A healthy market prowls looking for serious disagreements about the future, unnoticed inefficiencies that can be collapsed into profit. A stagnant market just needs frothiness, and the length of a press conference is as good an opportunity as anything else to spit on your palms and say “Bet?”
In response, you can unmuzzle the traditional watchdogs who policed market makers. You can raise the threshold for accredited investors until more retail investors are priced out. You can, as Matt Levine has modestly proposed, offer the smart-marks a “Certificate of Dumb Investment” (price: one hard slap in the face).
When you start to lose your sense of what bread is, it’s time to slide back down the ladder of abstraction and see what you’re certain of. What piece of the hyperobject do you have in view? What can you hypothesize about what you can’t see? How can you test your fragile model of the world? How much can you afford to risk as you take the first step off the edge of the map?

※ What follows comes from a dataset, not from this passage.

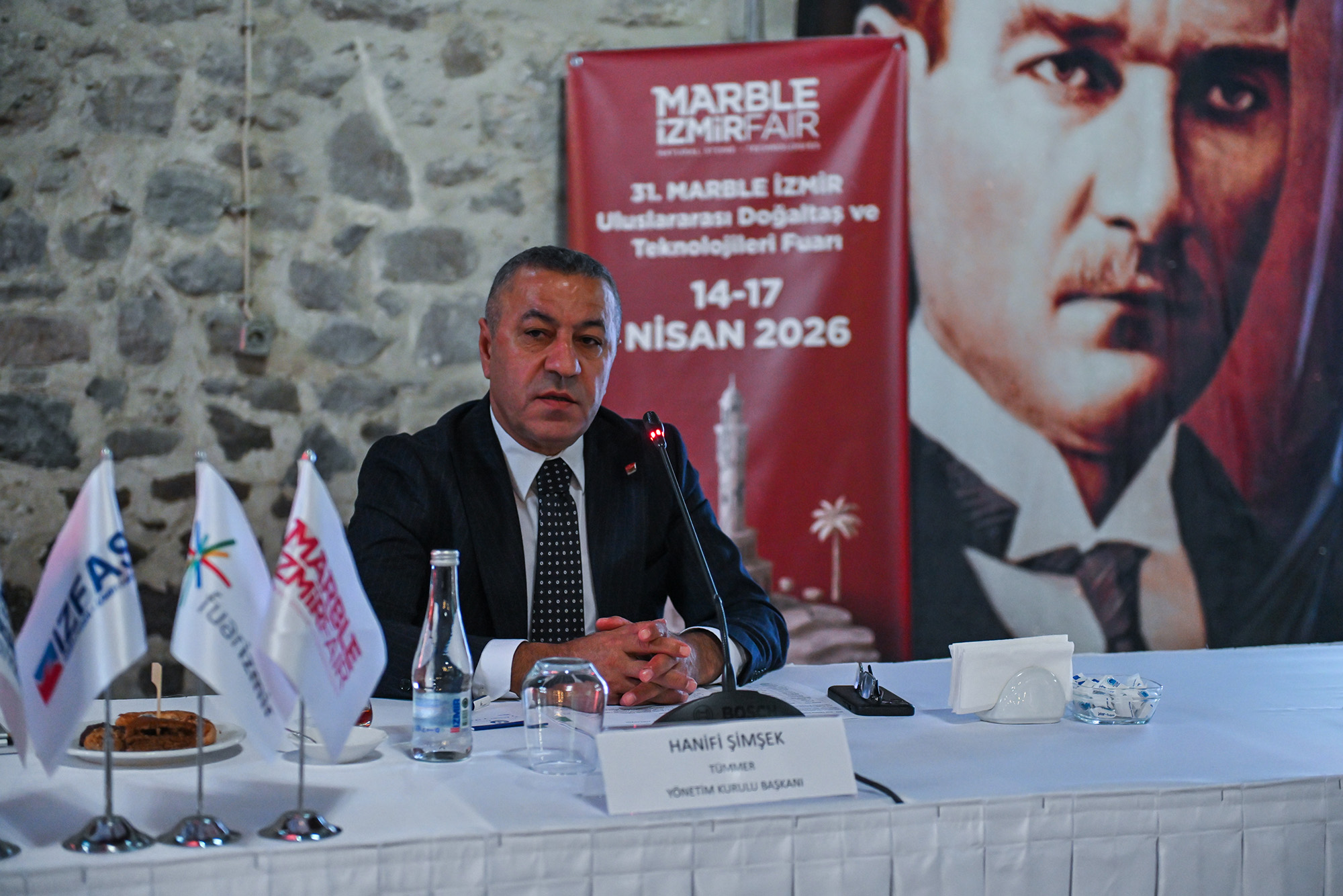 TÜMMER Yönetim Kurulu Başkanı Hanifi Şimşek, Marble İzmir’in sektörün tüm paydaşlarıyla birlikte ele alınması gereken bir organizasyon olduğunu belirterek, fuarın başarısı için otelcilerden lokantacılara, taksicilerden ticaret odalarına kadar kentin tüm dinamiklerinin sürece dahil edilmesi gerektiğini söyledi. Herkesin fuara sahip çıkmasının önemine dikkat çeken Şimşek, fuarın 31 yıllık geçmişi ve öncesindeki Sevgi Yolu dönemiyle birlikte 36 yıla yayılan büyük bir emeğin ürünü olduğunu vurgulayarak, “Benim bugün üç yaşında bir torunum var, belki 30 yıl sonra gelip bu fuarda çalışacak. Bu nedenle Marble İzmir’i yalnızca bugünün değil, gelecek kuşakların da fuarı olarak görmeli ve hep birlikte büyütmeliyiz. Bu fuar bir kişinin değil, hepimizin ortak değeri ve dünyada ilk üçte yer alan bir Türkiye markası. Bu birikimi koruyarak daha da büyütmek hepimizin sorumluluğu” dedi.

The most suspicious markets are those without tight feedback loops. A business needs to convince a customer it is providing real value, worth the price charged. But a nonprofit can often justify its grant proposals by appealing to its funders’ pride and sense of identity. A company in its growth phase faces similar temptations to win over a VC with their intensity and ambition, not their acumen. When you make something of real value, there is going to be a real customer on the other side of the transaction. There will be someone eager to do business, even if, from their perspective, the bread, the pencil, the contract seems to appear as if by magic.